What to work on -
The copy should hold exactly the lines below from the one that contains "初年度登録 | H31年3月 |" through the one that contains "家庭菜園ならではの工夫として" and nothing else, so no pictures.

Data under study -
'''

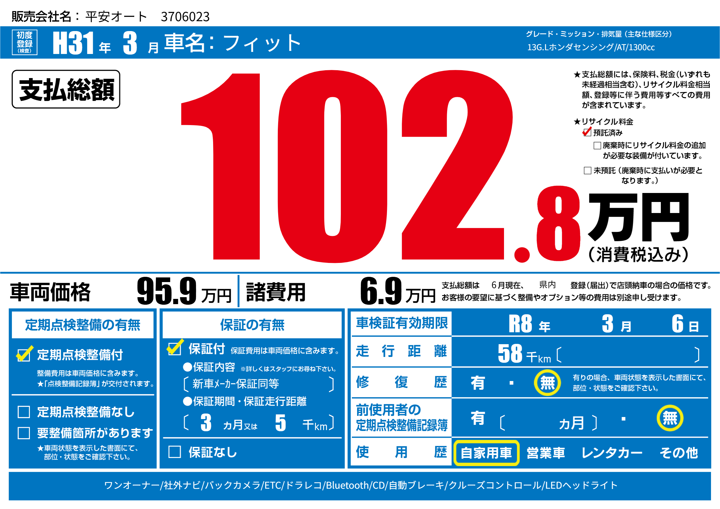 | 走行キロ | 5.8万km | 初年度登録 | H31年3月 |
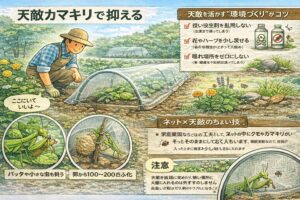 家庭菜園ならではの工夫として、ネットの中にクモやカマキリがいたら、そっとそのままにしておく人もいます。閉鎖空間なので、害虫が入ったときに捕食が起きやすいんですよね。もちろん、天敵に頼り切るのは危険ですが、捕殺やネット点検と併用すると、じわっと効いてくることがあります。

'''
'''

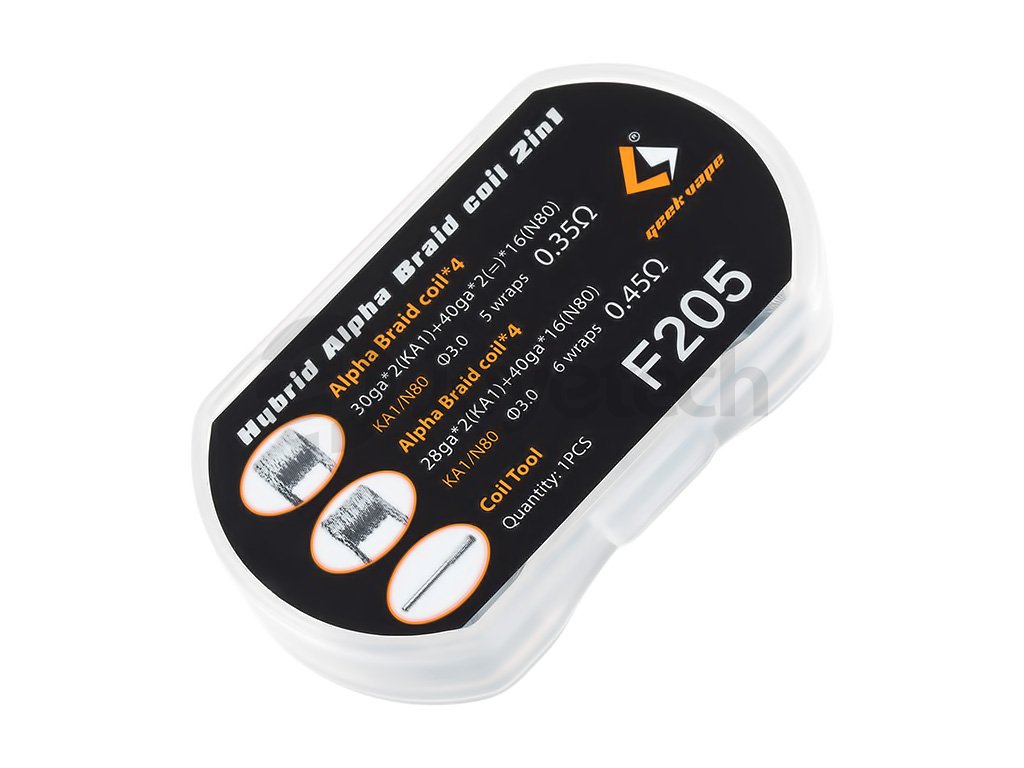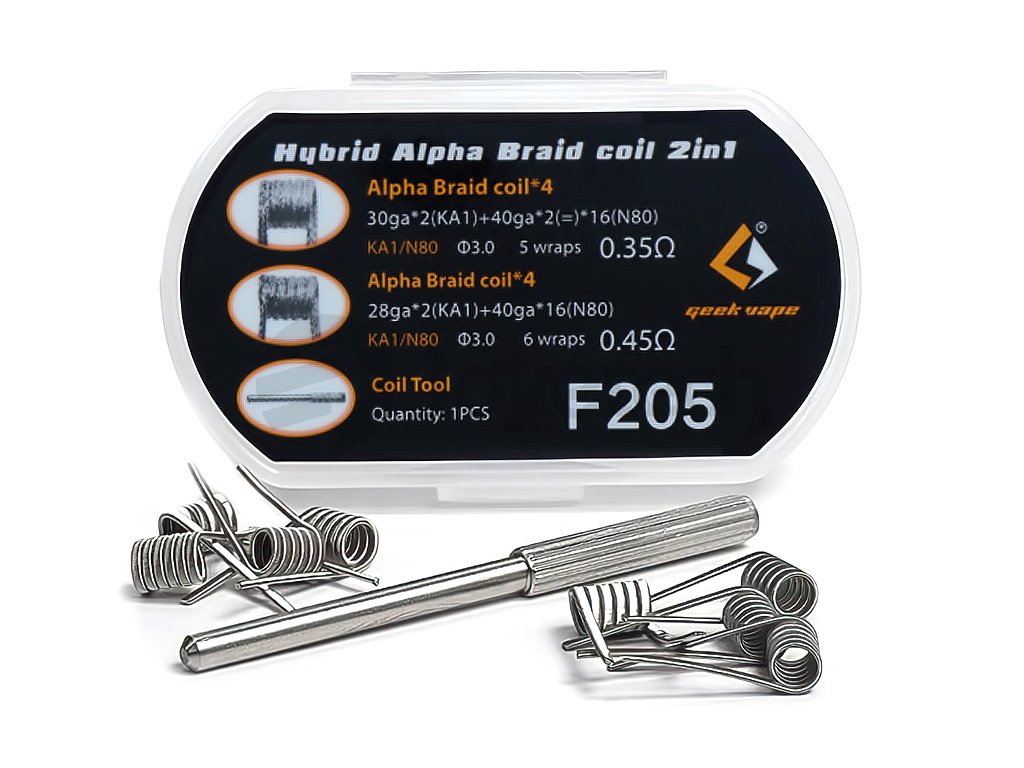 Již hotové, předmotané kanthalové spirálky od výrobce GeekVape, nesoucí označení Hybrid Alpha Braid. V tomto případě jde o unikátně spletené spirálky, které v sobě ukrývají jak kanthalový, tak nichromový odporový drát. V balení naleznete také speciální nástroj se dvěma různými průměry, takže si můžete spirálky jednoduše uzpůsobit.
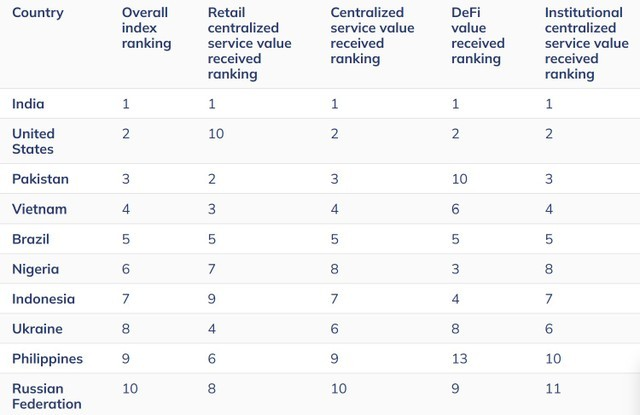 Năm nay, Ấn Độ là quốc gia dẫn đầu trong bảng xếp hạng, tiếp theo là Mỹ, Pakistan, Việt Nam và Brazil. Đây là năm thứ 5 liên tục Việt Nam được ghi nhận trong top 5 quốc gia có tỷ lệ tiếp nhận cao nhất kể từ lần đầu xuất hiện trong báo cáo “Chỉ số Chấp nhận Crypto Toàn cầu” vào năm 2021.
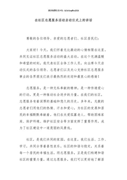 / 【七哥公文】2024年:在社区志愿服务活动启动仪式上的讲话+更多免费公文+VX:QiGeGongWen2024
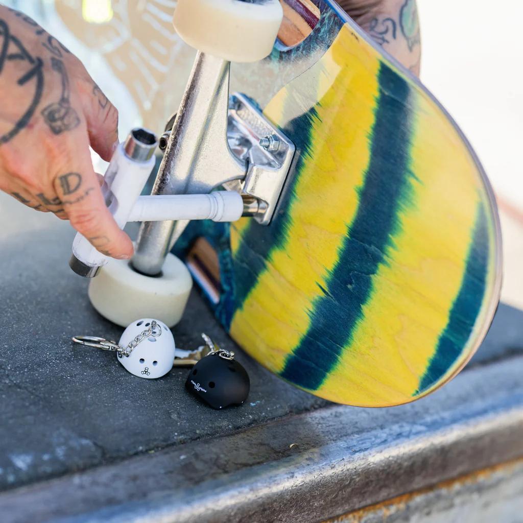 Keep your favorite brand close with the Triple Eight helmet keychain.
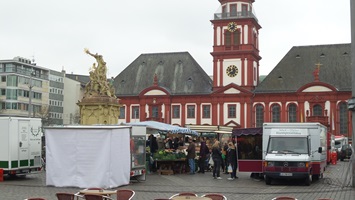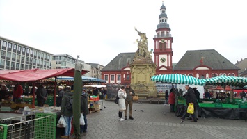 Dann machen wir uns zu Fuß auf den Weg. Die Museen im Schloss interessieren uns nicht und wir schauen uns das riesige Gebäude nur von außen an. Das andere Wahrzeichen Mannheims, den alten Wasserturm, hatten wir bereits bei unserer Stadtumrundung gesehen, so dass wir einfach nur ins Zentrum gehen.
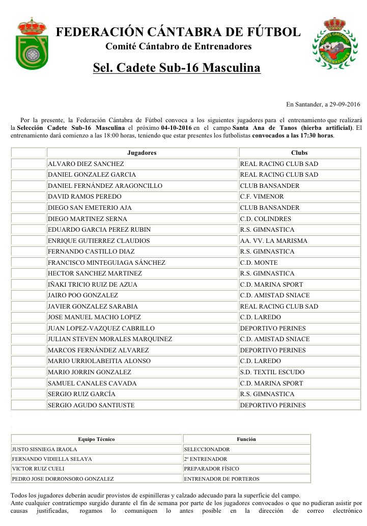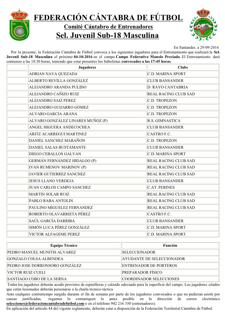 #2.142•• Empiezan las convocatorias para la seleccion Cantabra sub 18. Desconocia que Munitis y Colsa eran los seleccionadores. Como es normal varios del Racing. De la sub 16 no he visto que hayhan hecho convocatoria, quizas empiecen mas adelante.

'''

Response for this exercise -
 | 走行キロ | 5.8万km | 初年度登録 | H31年3月 |
 家庭菜園ならではの工夫として、ネットの中にクモやカマキリがいたら、そっとそのままにしておく人もいます。閉鎖空間なので、害虫が入ったときに捕食が起きやすいんですよね。もちろん、天敵に頼り切るのは危険ですが、捕殺やネット点検と併用すると、じわっと効いてくることがあります。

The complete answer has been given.